近年來隨著衛星通訊及行動電話系統的快速發展，微波元件扮演非常重要的角色，元件之輕薄短小為其重要的研究目標。微波元件包括被動元件與主動元件。被動元件例如用於微小化濾波器、天線雙工器、發射機多工器及電壓控制振盪器的介電共振器，必須具有適當的介電常數、低的介電損失與小的共振頻率溫度係數。主動元件例如使用於射頻積體電路(RF-IC)中當作功率放大器的異質接面電晶體(HBT)，必須具有高速率與高功率的特性。
　　為達成這些要求，本論文針對上述兩類微波元件，分成兩大主題進行探討與研究：
一、 高品質因素，高溫度穩定性與高介電常數之微波介電共振陶瓷製備。
[1] 嘗試在MgTiO3材料中，加入BaO雜質，以改善介電特性。
[2] 摻雜NiO對Y2BaCuO5燒結行為與微波介電材料特性影響之研究。
[3] 在ZnO-TiO2材料中，加入Bi2O3雜質，以降低燒結溫度，並尋求較佳特性。
二、 InGaP/GaAs異質接面電晶體的製作及分析。
[1] 首先嘗試利用Ti與TiN薄膜來改善GaAs基材Cu金屬化製程的阻障性能。
[2] 研究利用不同的定電壓應力(constant period of voltage stress; CPVS)以找出消除HBT’s燒灼現象(burn-in effect)的最佳方法。
　　結果顯示，(一) 在不同的燒結條件下，於(1-x)MgO·xBaO·TiO2陶瓷材料中，可觀察到一些二次相，樣品的介電常數與Q×f值隨著添加比例x值的增加而增加，共振頻率溫度係數(τf.)可以藉由x值的適度增加而使之趨近於零。實際應用上，燒結溫度1330 oC，組成為0.97MgO·0.03BaO·TiO2陶瓷，具有較佳的微波介電特性：介電常數為20.6，Q×f值為32600GHz，而共振頻率溫度係數約為+4.47 ppm/oC。
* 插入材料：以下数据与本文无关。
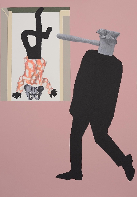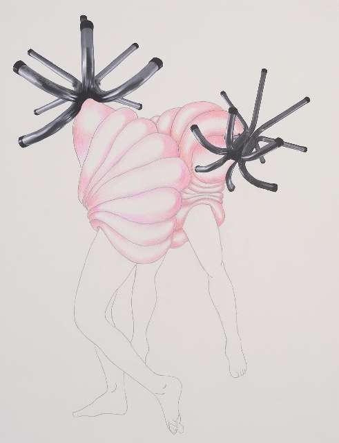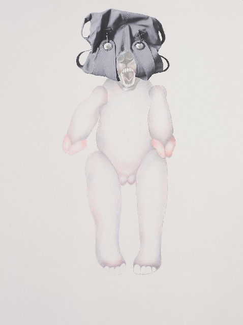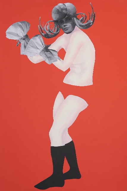 Présentation : Sur de grandes surfaces peintes et laissées nues, un collage de figure découpée prend place et de cette double simplicité, naît son style, accentué encore dans l'une de ses premières réalisations, La Boxeuse (2009), quant le slip se confond avec la couleur de l'arrière-plan, au point de couper en deux le personnage ; un dessin discret s'approprie le tout. Parce que le découpage est incisif, net, sans bavure, on sent la cruauté des ciseaux à l'œuvre. Ironie donc plus qu'humour dans ses rapprochements hasardeux des accessoires du sujet, le parapluie brandit par une centauresse dressée sur ses pattes arrières (2009). Plus modeste, un nounours, se trouve charcuté en bras phalliques, la tête prise dans un bagage à mains (2010).

　　(二) 當添加比例x值增加時，Y2Ba(Cu1-xNix)O5固溶體在分解溫度時分解成Y2O3與液相的量也會增加。由於燒結溫度必須低於分解溫度，故固溶體的εr與τf特性會嚴重地受到燒結條件的影響。以Ni取代Cu時，樣品的Q×f值可獲得到顯著地改善。在所有的製備組成中，Y2Ba(Cu1-xNix)O5陶瓷在溫度1330 oC做3小時燒結時可以展現較佳的微波介電特性：介電常數為13.8、Q×f 值為87200 GHz、而共振頻率溫度係數(τf )為–16.3 ppm/oC。
　　(三) ZnO-TiO2陶瓷掺雜有Bi2O3添加物時，由於添加物導致之液相燒結效應，故燒結溫度可以有效地降低到1000 oC。另外，適量的Bi2O3添加物可以有效地改善ZnO-TiO2陶瓷的密度與介電特性。共振頻率溫度係數(τf.)可以藉由燒結溫度的控制而變為零。燒結溫度在1000 oC時，掺雜有1wt%添加物的1ZnO-1TiO2陶瓷，可以獲得較好的微波介電特性：介電常數為29.3，操作於8.36 GHz頻率下的Q×f值為22000GHz，而共振頻率溫度係數約為+17.4 ppm/oC。
　　(四) 在初始沉積的Cu/GaAs結構中，銅就會擴散進入砷化鎵(GaAs)基材內，故需要擴散阻障層(diffusion barrier)以阻隔這種快速擴散現象。對於Cu/TiN/GaAs結構，TiN薄膜的柱狀結構提供高於450oC溫度時的擴散路徑。在GaAs基材上的Cu/TiN/Ti多層薄膜結構，溫度高達550 oC都還很穩定，不會有任何交互反應發生。這些結果顯示，TiN/Ti組成薄膜層對於砷化鎵基材的銅金屬化製程可以達成一種良好的擴散阻障作用。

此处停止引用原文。